Red Barns

It’s funny how chance encounters create life-long interests. My friend Ann Anastasio made several barn quilts because she liked how barn design differ from state to state. I barely noticed that barns had design, much less that they vary. Now I watch for barns (I also watch for big rigs since that long trip through Nevada with nothing to see but trucks, but that’s a story for another day). Suzi Parron has a redwork kit of barns that are darling, and when she spoke at AVQ I bought one on a lark.

These designs come from her travels on the barn quilt trail, which is different from the barn quilts Ann made. Suzi has written two books about quilt blocks painted on barns or other structures, which you can find on her website.

The block shown above has a horse peeking out the door. There’s something about a critter in a quilt that draws my attention, even if it is just an outline with a French Knot eye.

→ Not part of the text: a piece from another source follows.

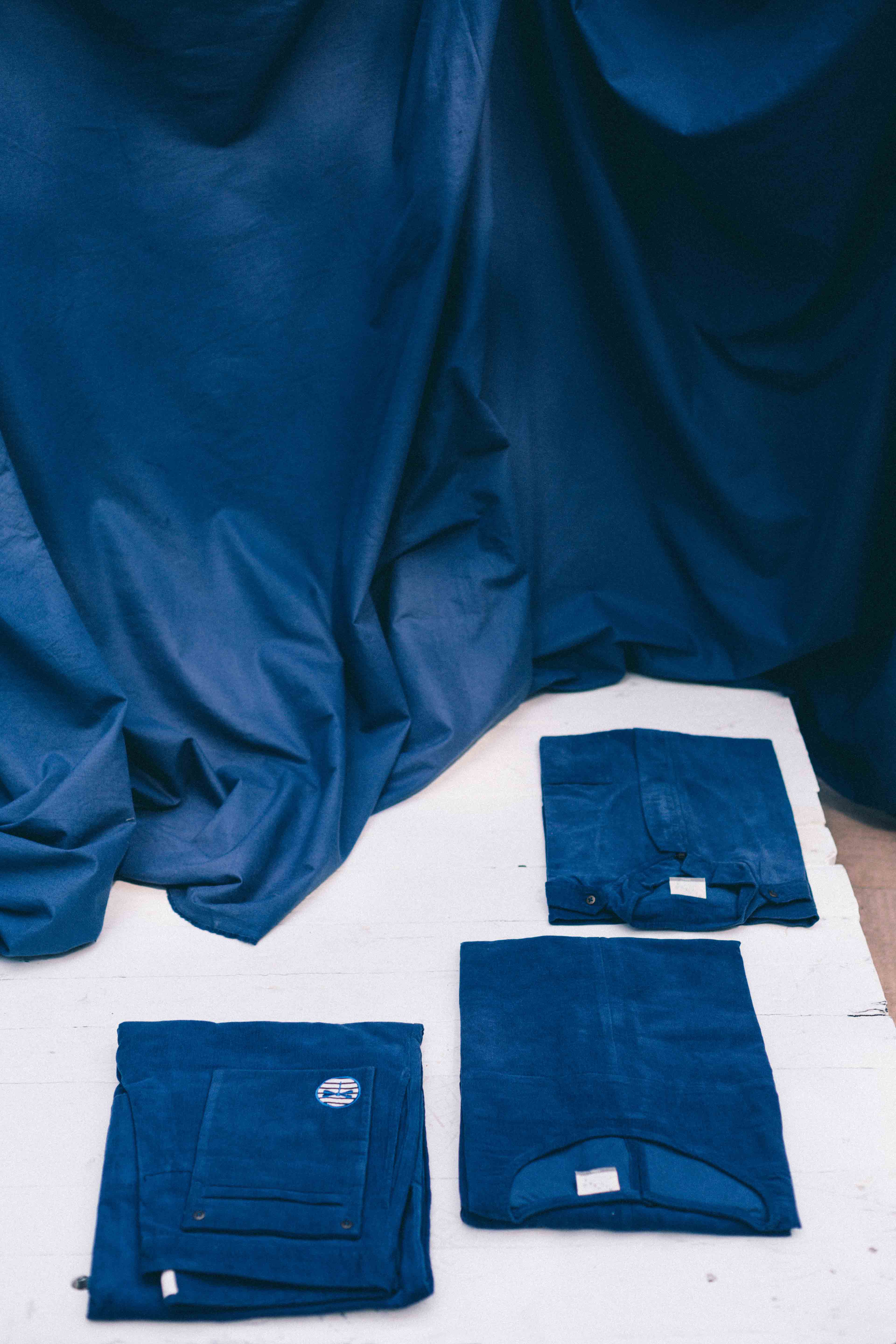 Our deep indigo denim or the softer pastel hue is the outcome of an exacting dip-dyeing process and the number of dips the fabric receives. The resulting boldness or hi-lo fade of the denim depends on the number of washes the fabric receives thereafter.

This next block has a lovely curve to the roof that reminds me of the lines to a boat. I also think of it as Dutch, but I couldn’t tell you why.

Somehow I managed to either use the floss in the kilt wastefully or mislay several strands, because I ran short for the last block. Rather than try to match the color, I decided to turn that bug into a feature. I stitched the outside edges of the barn, the ground, and the foliage in brown, stitched some of the slats in what was left of my red, stitched most of the rest in a dustier red, then stitched the remaining slats and quilt block in a variegated red and brown. Since I had always planned to make separate projects with the blocks, it doesn’t matter that this one is different from the other three.

Luck and wisdom!

Author: Lani Longshore

Quilter, writer, chocoholic, black belt (karate), killer of houseplants, reader of maps (and I still get lost)

2 thoughts on “Red Barns”

  1. It’s interesting to know there are different styles of barns. I grew up on a farm and we had the standard looking barn, anyway, standard to our community. These samples are great.